Ironicamente, a Internet daquela época já proporcionava ao público uma visão rara e inadvertida do tipo de informações íntimas que os mecanismos de busca estavam armazenando em seus registros de pesquisa. Em agosto de 2006, a AOL, a gigante pré-histórica provedora de rede, lançou no domínio público alguns gigabytes de registros de pesquisa anônimos: 20 milhões de consultas feitas por 657.000 de seus clientes durante um período de três meses. Os resultados da pesquisa foram baseados no Google, que possuía 5% da AOL e administrava o mecanismo de pesquisa da empresa.48

Page viu esses registros como um ativo lucrativo, mas volátil, que ameaçava o negócio principal da empresa se viesse a se tornar público.
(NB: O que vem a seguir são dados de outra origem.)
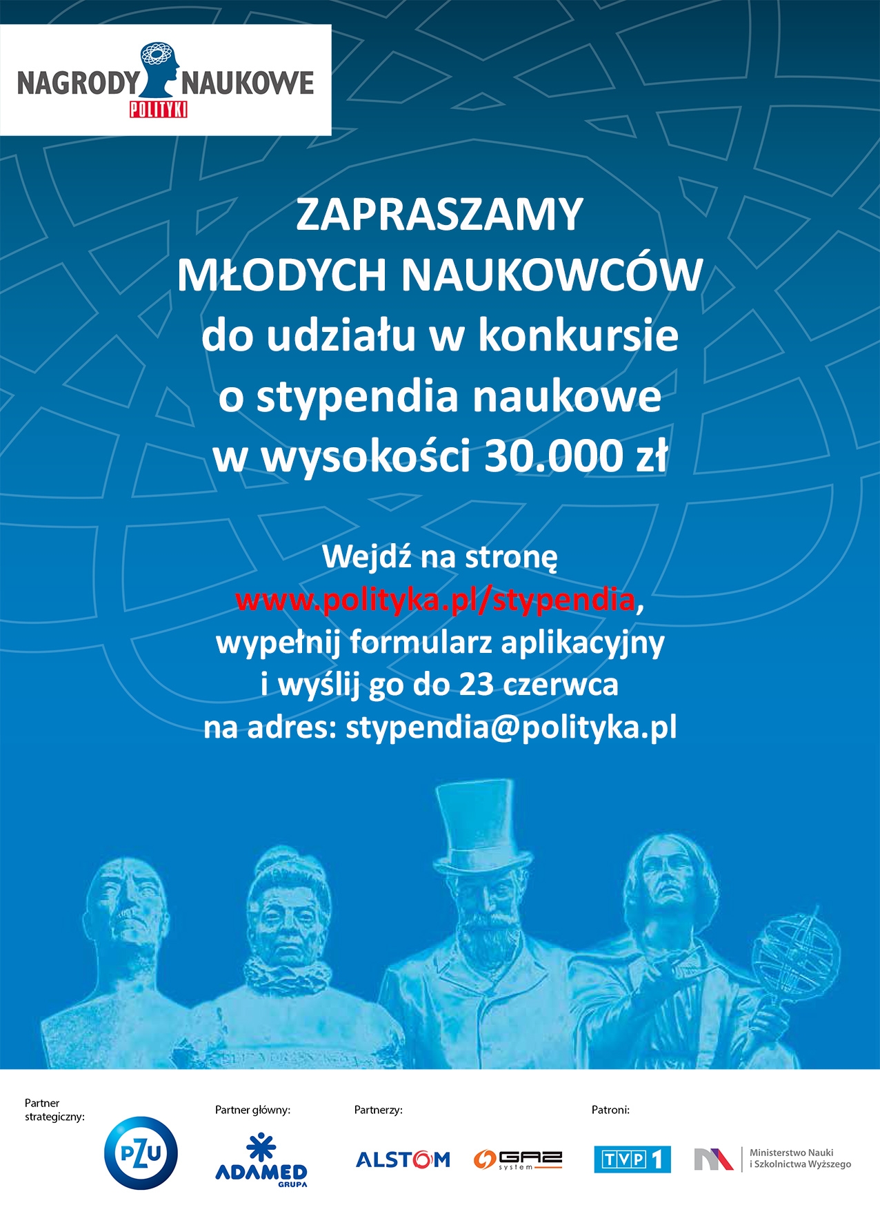 Przypominamy o tym, że jeszcze do 23 czerwca trwa przyjmowanie zgłoszeń od młodych naukowców do 14. edycji Nagród Naukowych POLITYKI.

Uma equipe de pesquisa da AOL pensou de maneira diferente: eles lançaram o lote de logs como uma boa ação em nome da promoção da pesquisa social. Para o público, foi uma boa ação. Mas para a AOL e, por extensão, à Google, os registros foram um fiasco de relações públicas, iluminando a intromissão maciça e sistêmica da privacidade na qual a economia de buscas se baseava.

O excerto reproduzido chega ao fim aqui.